Leslie Joan Baier is an American scientist with a specific focus on the genetic pathophysiology of type 2 diabetes. She is a senior investigator in diabetes molecular genetics at the National Institute of Diabetes and Digestive and Kidney Diseases. She has an undergraduate degree from Lawrence University and a Ph.D. from the University of Michigan. Gary Nabel played an important role in her doctorate research. Now, she continues to do research on her special interest: Indigenous peoples compared to those who obtain diabetes. She has slowly moved to the peoples of Phoenix instead of Indigenous peoples. Baier has several publications of her own, and many collaborating publications.

== Education ==
In 1982, Baier graduated from Lawrence University in Appleton, Wisconsin. There, she obtained a bachelor of arts in biology and chemistry. After undergrad, she attended the University of Michigan and graduated in 1990 with a Ph.D. in cell and molecular biology. During her time at the University of Michigan, she grew close to her doctoral advisor, Gary Nabel. He inspired her to write her dissertation that was titled "Isolation and characterization of a human DNA binding protein which contains an Antp homeobox sequence." She also has extra training at Arizona State University in Phoenix, postdoctorate.

== Current career ==
After obtaining her Ph.D., Baier began working at the Phoenix Epidemiology and Clinical Research Branch as the senior investigator in the Diabetes Molecular Genetics Section. This branch is part of the National Institute of Diabetes and Digestive and Kidney Diseases. Baier has a high focus on Indigenous peoples and how diabetes affects their communities, as they are extremely susceptible to type 2 diabetes. Baier works closely with the Pima Indian Community and has now branched out to poor communities in central Phoenix. Along with scientific research, Baier is an adjunct professor at the University of Arizona College of Medicine in Tucson and at Arizona State University in Phoenix. She frequently mentors students attending high school, community college and undergraduate programs. In addition to lower level degrees and schooling, Baier often spends time with postbaccalaureate and postdoctoral trainees.

== Research ==
Baier's research is focused on finding genetic links to type 2 diabetes and obesity in Indigenous people such as the Pima Community. She and Robert Hanson, M.D., M.P.H., focus on people's genetics to understand who is most likely to get sick. If they are able to spot this early, they are more likely to help them to stay healthy and to determine what treatment makes the most sense for each person's unique body. Baier and Hanson are discovering "hidden" genes that cause diabetes by examining the distinct DNA of Indigenous populations. Instead of employing a generic strategy that might not work, they are leveraging this information to develop individualized medicines that are tailored to each person's unique genetic composition.

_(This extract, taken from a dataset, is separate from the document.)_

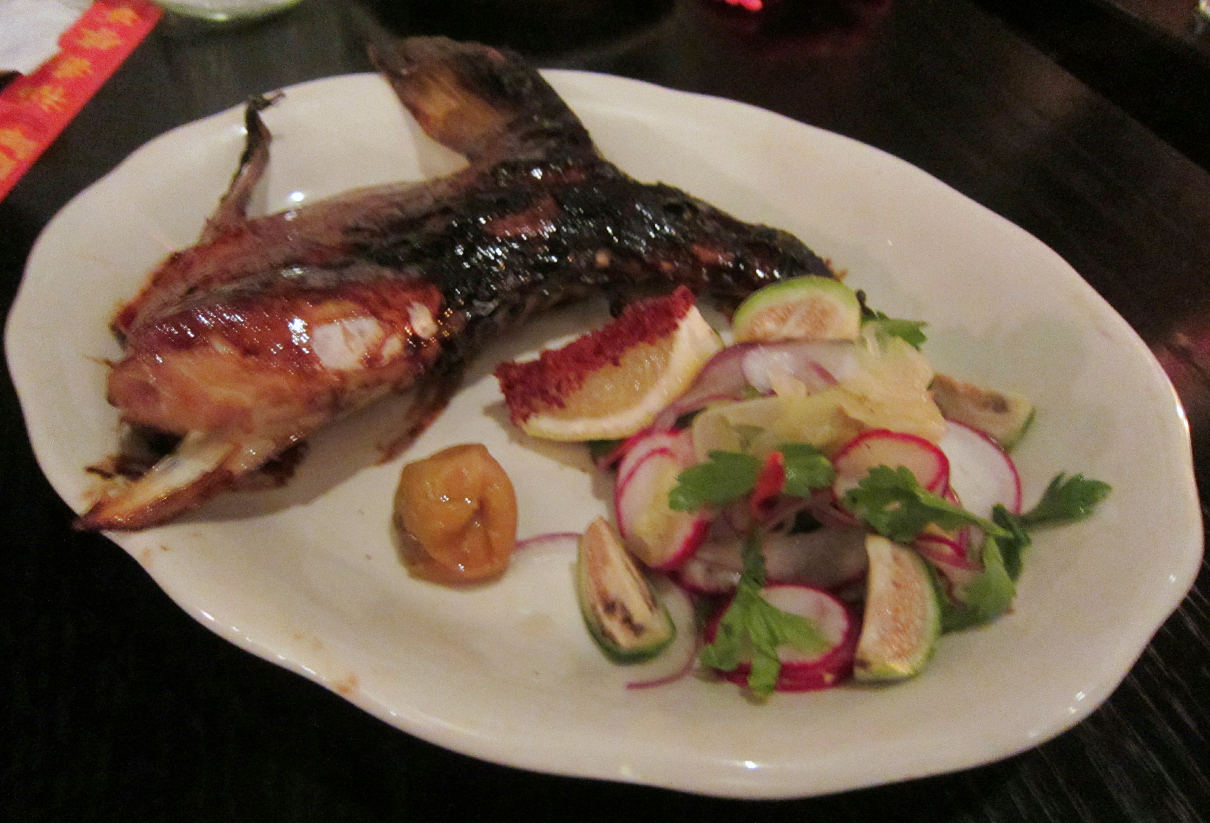 After our mandatory two hour wait, we were seated in the dining room where the service markedly improved. We ordered the Atlantic cod collar on special which was partially cured, basted in a tamarind-vinegar sauce, grilled and served along with a highly acidic salad of Thai eggplant, radish, cabbage and cilantro. The salad was extremely fresh and balanced the heavily salted cod. The cook on the cod was appropriate enough at about medium, but the flavor was more reminiscent of Carolina barbecue. Although it was well-prepared and balanced, the whole endeavor seemed ill-conceived and poorly executed.

=== The big picture: Research broken down ===

==== Genes v. Environment ====
Developing type 2 diabetes is not simply because people are eating similar foods or moving around less. Baier's research suggests that although someone's environment (food and exercise) plays a role, people's DNA (genetics) determine how our bodies react to that environment.

==== How the research is done ====
Baier and Hanson use custom research tools developed for this community rather than standardised tests. Their methods include custom genetic maps, the GPR158 discovery, and the insulin connection.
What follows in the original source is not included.